More followed. Many, many more.

It didn’t matter. The Inquisitor was too late. His plan had gone ahead as it should. The old world was already falling into place again. The only thing left was to put the Inquisitor out of his misery.

The sky above rumbled loud enough to make the ground under his feet tremble.

He had to admit he wasn’t entirely sure how the Inquisitor had survived the trip up to the plateau. Everything else, _everybody_ else were gone. Perhaps he had just gotten lucky and gotten past the barriers just in time.

‘Solas.’ The voice used to be light and bright. Now it just sounded tired. Not angry, just tired. ‘Turn around. Please?’

He did as his friend asked.

Former friend, most likely. The angry green eyes staring at him felt terribly real to him at the moment. Oddly, they still had the sharp, bright yellow-green discolouration the Anchor gave them when all of this started, he noted.

The other elf looked haggard. His clothes were bloodied and torn, likely from physically murdering every person in his way, not from getting caught when the veil went down.

He wouldn’t be standing in front of him if he had.

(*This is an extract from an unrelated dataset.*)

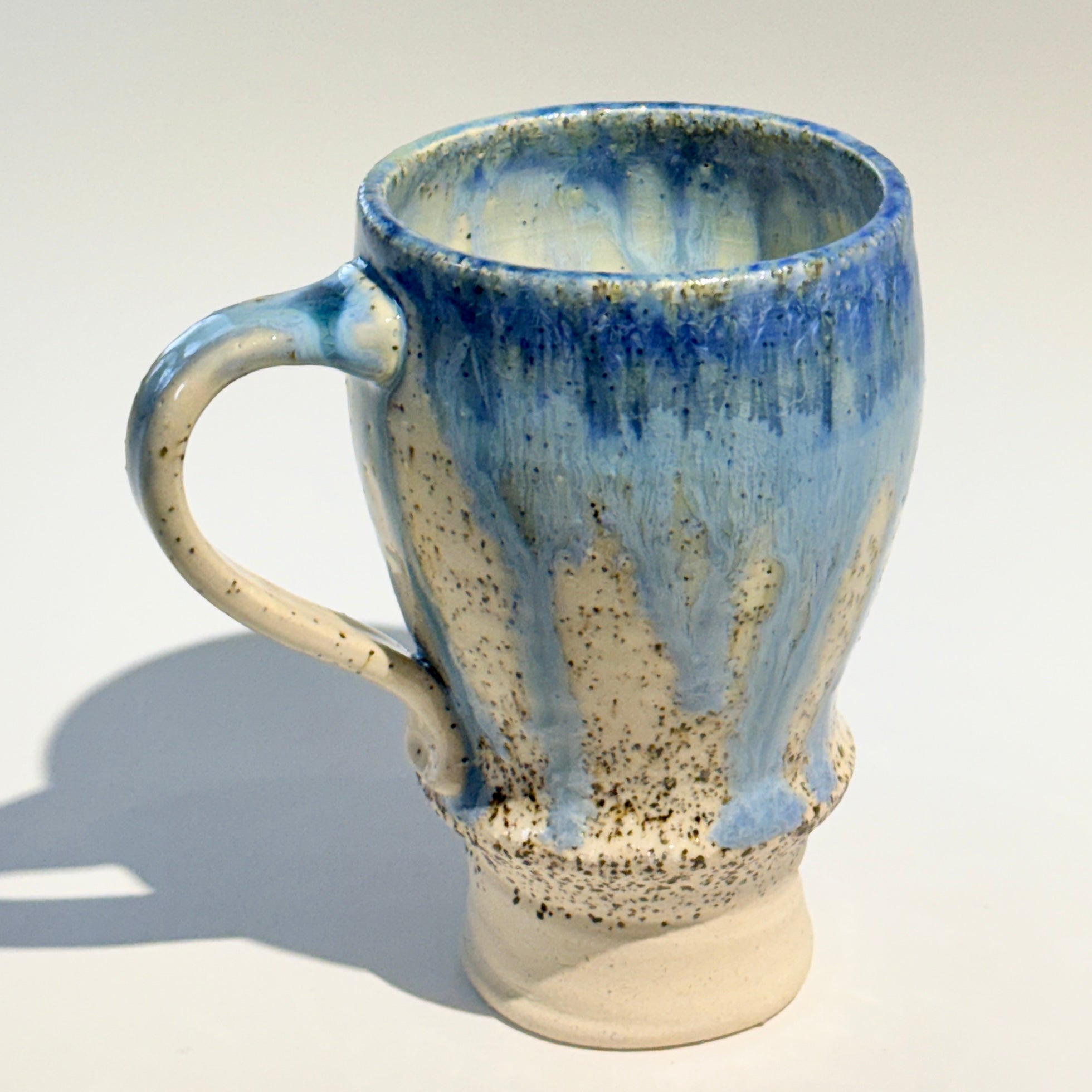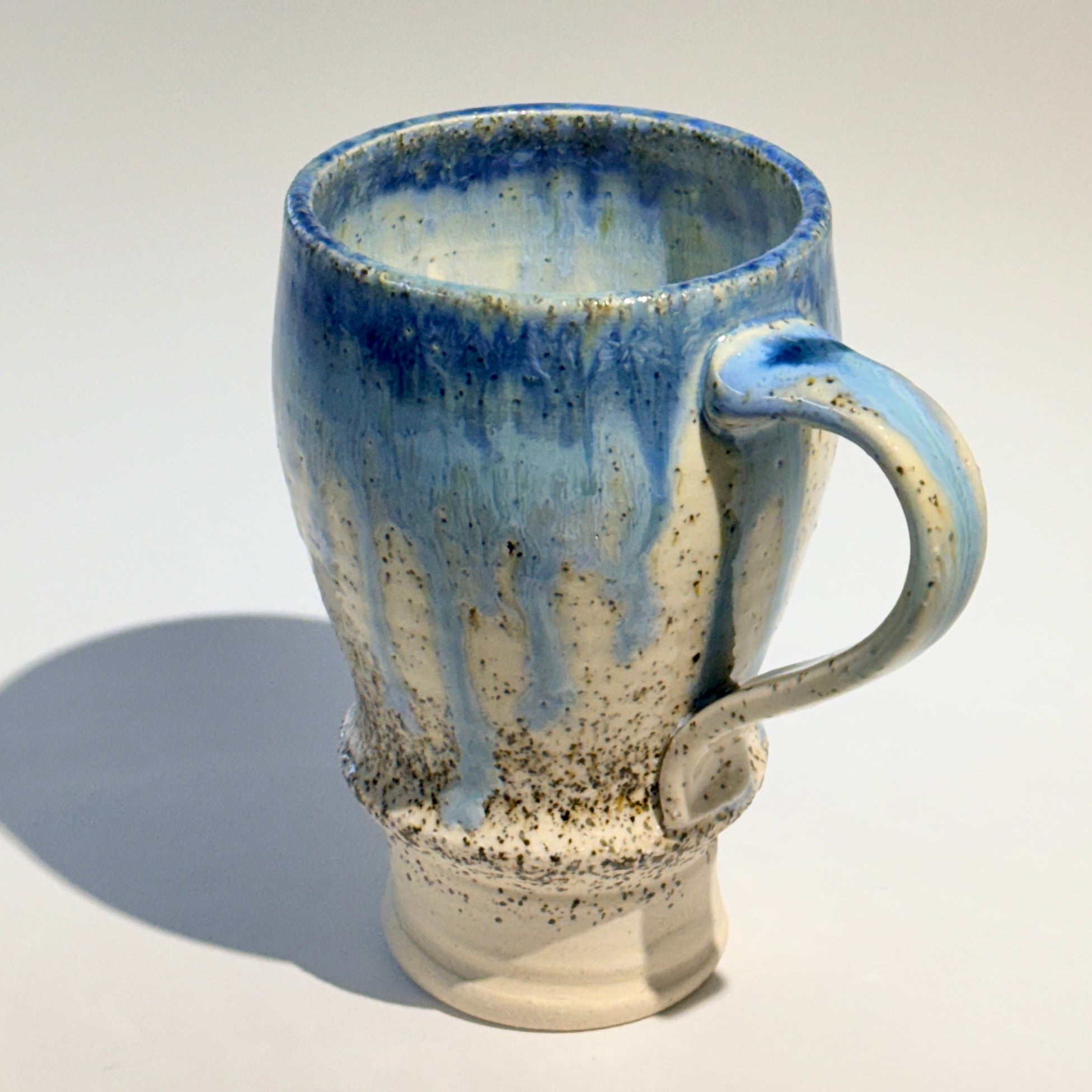 This mug has had beach sand swirled through the clay as the piece was thrown on the wheel.

‘Yion.’ Solas greeted, voice even.

‘And here I thought you’d go for some like _figment_ or _construct_.’ Yion said blankly. ‘I’ve had arguments with somebody over that.’ He slapped his hand against the metal palm of a gauntlet that had replaced his lost arm. From what he had heard it also served as a staff...

‘With who?’ Solas asked.

‘Oh, you know. _Somebody_. Somebody I knew. A _person_.’ He tossed his arms into the air. ‘Or really, a construct of a world that shouldn’t be. A _mistake_. _Your_ mistake.’

Solas blinked.

‘Did...insinuating you weren’t real people anger you _that_ much?’ He asked, tilting his head to the side.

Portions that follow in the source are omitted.